Sunday, December 22

Quikr lost Rs 9 for every Re 1 earned last fiscal

One of the top two online classifieds sites in the country, Quikr saw its losses more that double last fiscal as it sought to stretch its lead over Naspers’ controlled OLX with turbo charged marketing.

Quikr, that counts Warburg Pincus, eBay, Kinnevik, Tiger Global, Falcon Edge, Steadview, Matrix Partners, Omidyar and Norwest Venture Partners among its investors, saw its revenue from operations grow 23.7 per cent to touch Rs 24.78 crore. The firm, however, saw total income rise to Rs 52.5 crore, thanks to ‘other income’.

At the same time its EBITDA (or operating) loss and net loss more than doubled from around Rs 200 crore to Rs 440 crore. This means for every Re 1 worth of income it generated it lost some Rs 9. Indeed, if one factors out its non-operating revenues, it lost Rs 18 for every Re 1 in revenue. However, the big factor was advertising promotion expenses which swelled from Rs 159 crore to Rs 382.3 crore. Several other operating expenses also rose as the firm strategised to create separate online properties as standalone ‘verticals’.

It has already launched QuikrHomes, QuikrCars and QuikrServices as part of this initiative. It is also in the final lap of a proposed deal to buy and merge CommonFloor with itself, a move that would boost its new QuikrHomes vertical.

Quikr’s real estate vertical competes with MagicBricks, 99acres and PropTiger among others. News Corp, the owner of this news website, holds stake in PropTiger.

Interestingly, Quikr had arguably become a ‘unicorn’, a term for startups that have attained a valuation of $1 billion or more, early this year. However, with the value of the US dollar strengthening, its valuation had fallen short of the tipping point.

In a secondary transaction in the middle of the year, where Swedish investor Investment AB Kinnevik raised its holding in Quikr by acquiring stake held by a few early investors, Quikr was valued at $900 million.

Founded in 2008 by Pranay Chulet and Jiby Thomas (who quit the firm later), Quikr was originally started as Kijiji India. It had initially raised an undisclosed amount in Series A funding from Matrix Partners India in the same year. In 2009, it bagged Rs 20 crore from Omidyar Network and Matrix Partners in its Series B round. A year later, it raised Rs 27 crore in Series C round in which eBay and Norwest Venture Partners along with existing investors participated.

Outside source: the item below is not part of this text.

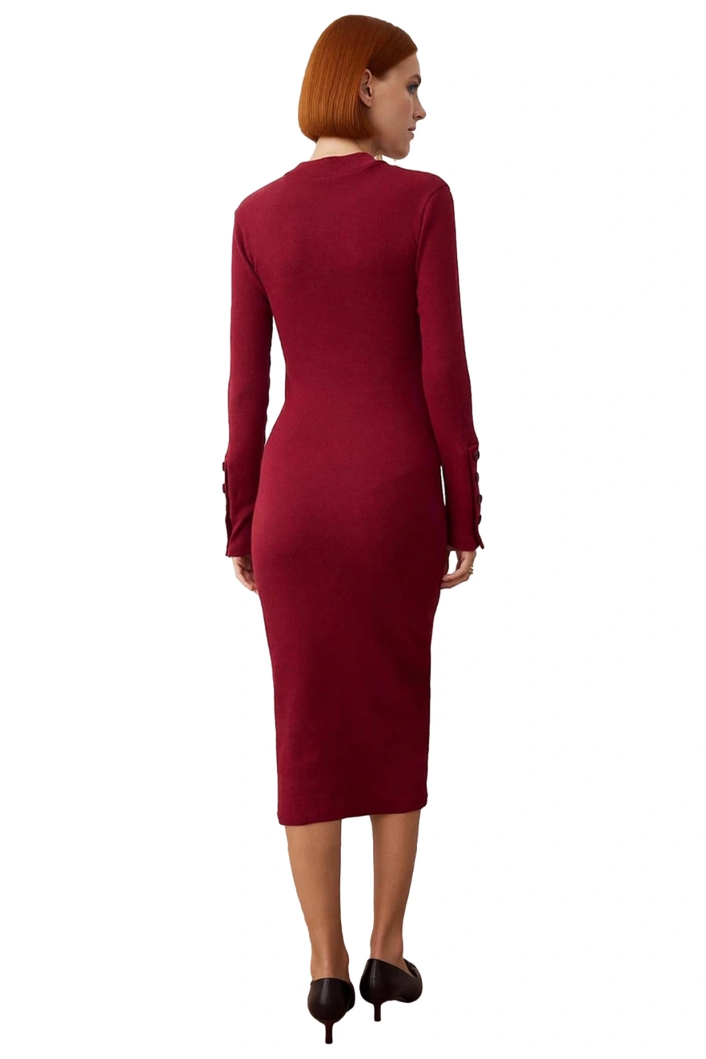 Ürün Özellikleri: Bodycon kalıp, rejenere kaşkorse materyal, düz desen, dik yaka, standart uzun kol, örme kumaş, bordo renk, düğmeli detay, midi boy.

Nokia Growth Partners, Norwest and eBay put in around $8 million in the firm in its Series D round in 2011 and the firm hit the big league as marquee PE firm Warburg Pincus led a $32-million investment round in the company.

Quikr went on to raise $150 million across two rounds last year followed by another $150 million early this year as it added Kinnevik, Steadview Capital and Tiger Global as new investors.